Task goal. Nothing should appear in the answer except the lines below from the line containing "その後は離任式です。3月で南" through the line containing "2024年度には「歯や歯茎の", copied exactly, with pictures left out.

Raw data.
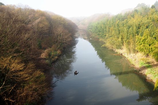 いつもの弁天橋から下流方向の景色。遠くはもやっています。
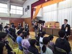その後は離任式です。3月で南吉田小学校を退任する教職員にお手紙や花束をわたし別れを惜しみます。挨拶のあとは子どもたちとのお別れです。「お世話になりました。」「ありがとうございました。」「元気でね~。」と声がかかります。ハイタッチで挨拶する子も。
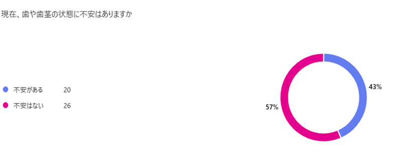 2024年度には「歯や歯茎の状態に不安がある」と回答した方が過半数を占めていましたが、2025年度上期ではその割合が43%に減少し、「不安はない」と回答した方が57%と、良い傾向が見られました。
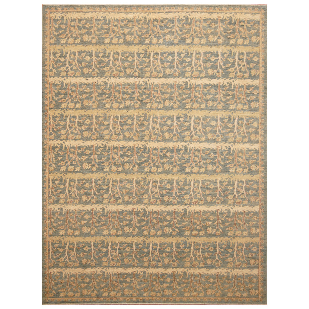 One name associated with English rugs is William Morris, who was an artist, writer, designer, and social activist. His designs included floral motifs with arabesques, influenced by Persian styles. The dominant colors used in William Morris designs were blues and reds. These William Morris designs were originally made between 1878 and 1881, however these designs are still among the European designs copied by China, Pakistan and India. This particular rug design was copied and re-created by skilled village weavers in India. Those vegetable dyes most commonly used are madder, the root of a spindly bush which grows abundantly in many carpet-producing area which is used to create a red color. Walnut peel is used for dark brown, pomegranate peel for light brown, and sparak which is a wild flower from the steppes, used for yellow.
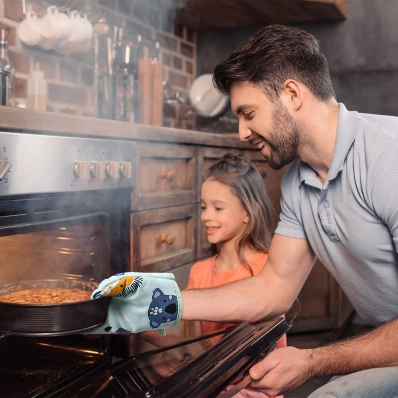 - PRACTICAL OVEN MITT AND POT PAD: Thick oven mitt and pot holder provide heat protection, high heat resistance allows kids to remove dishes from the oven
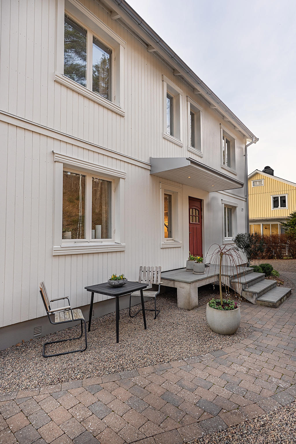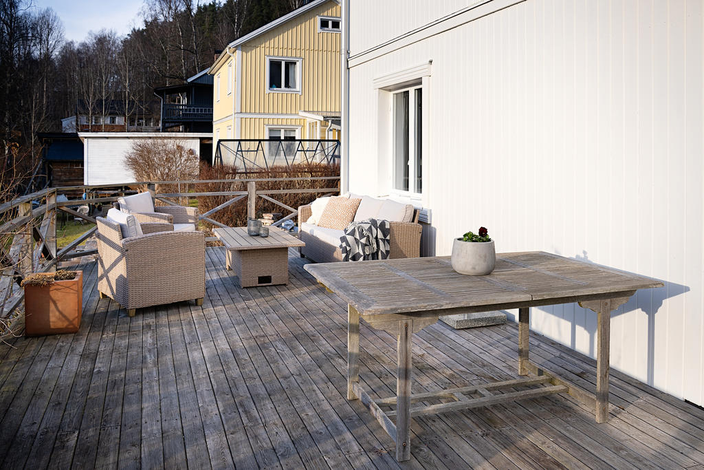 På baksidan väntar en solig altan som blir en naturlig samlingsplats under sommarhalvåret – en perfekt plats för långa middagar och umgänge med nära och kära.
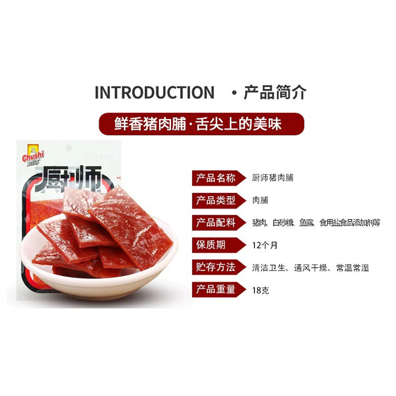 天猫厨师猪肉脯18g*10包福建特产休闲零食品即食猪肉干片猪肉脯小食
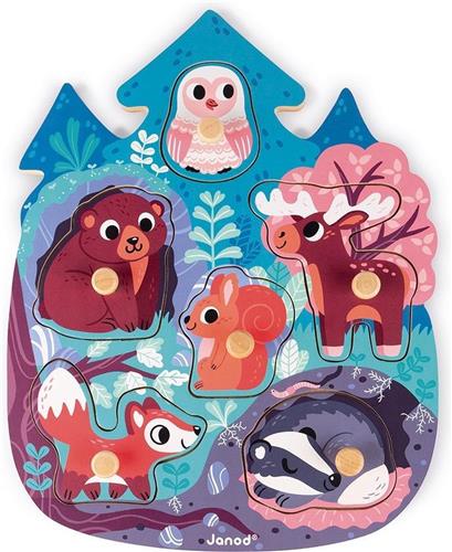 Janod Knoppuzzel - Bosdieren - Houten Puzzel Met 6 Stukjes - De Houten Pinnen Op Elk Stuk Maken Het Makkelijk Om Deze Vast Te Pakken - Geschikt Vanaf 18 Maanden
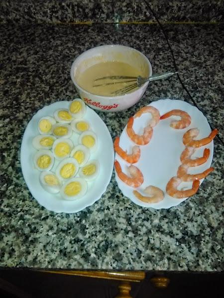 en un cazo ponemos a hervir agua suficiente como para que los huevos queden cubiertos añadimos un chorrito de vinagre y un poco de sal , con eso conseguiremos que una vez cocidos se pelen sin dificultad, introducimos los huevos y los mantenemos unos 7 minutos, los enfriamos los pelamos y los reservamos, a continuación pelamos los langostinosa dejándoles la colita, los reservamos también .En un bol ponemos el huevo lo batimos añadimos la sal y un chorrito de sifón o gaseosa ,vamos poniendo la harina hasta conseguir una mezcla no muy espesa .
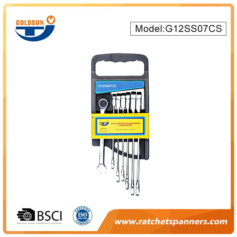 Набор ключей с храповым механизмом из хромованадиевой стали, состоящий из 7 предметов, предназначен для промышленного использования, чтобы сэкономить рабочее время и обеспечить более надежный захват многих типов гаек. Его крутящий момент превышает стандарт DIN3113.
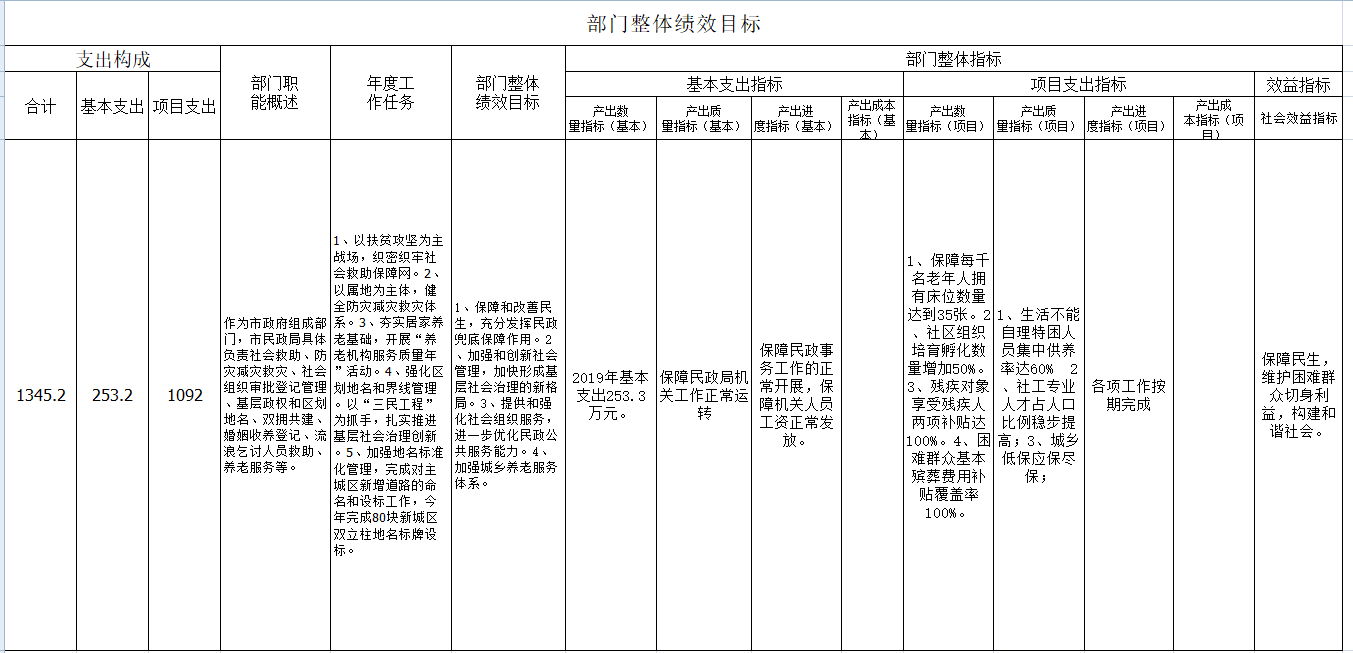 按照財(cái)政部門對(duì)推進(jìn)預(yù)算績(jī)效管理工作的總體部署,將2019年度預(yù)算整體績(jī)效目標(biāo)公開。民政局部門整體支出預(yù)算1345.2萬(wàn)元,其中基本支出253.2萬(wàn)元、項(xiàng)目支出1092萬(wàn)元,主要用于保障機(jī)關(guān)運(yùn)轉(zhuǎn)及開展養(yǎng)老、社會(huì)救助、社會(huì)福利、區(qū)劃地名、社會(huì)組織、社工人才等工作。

Written answer.
その後は離任式です。3月で南吉田小学校を退任する教職員にお手紙や花束をわたし別れを惜しみます。挨拶のあとは子どもたちとのお別れです。「お世話になりました。」「ありがとうございました。」「元気でね~。」と声がかかります。ハイタッチで挨拶する子も。
 2024年度には「歯や歯茎の状態に不安がある」と回答した方が過半数を占めていましたが、2025年度上期ではその割合が43%に減少し、「不安はない」と回答した方が57%と、良い傾向が見られました。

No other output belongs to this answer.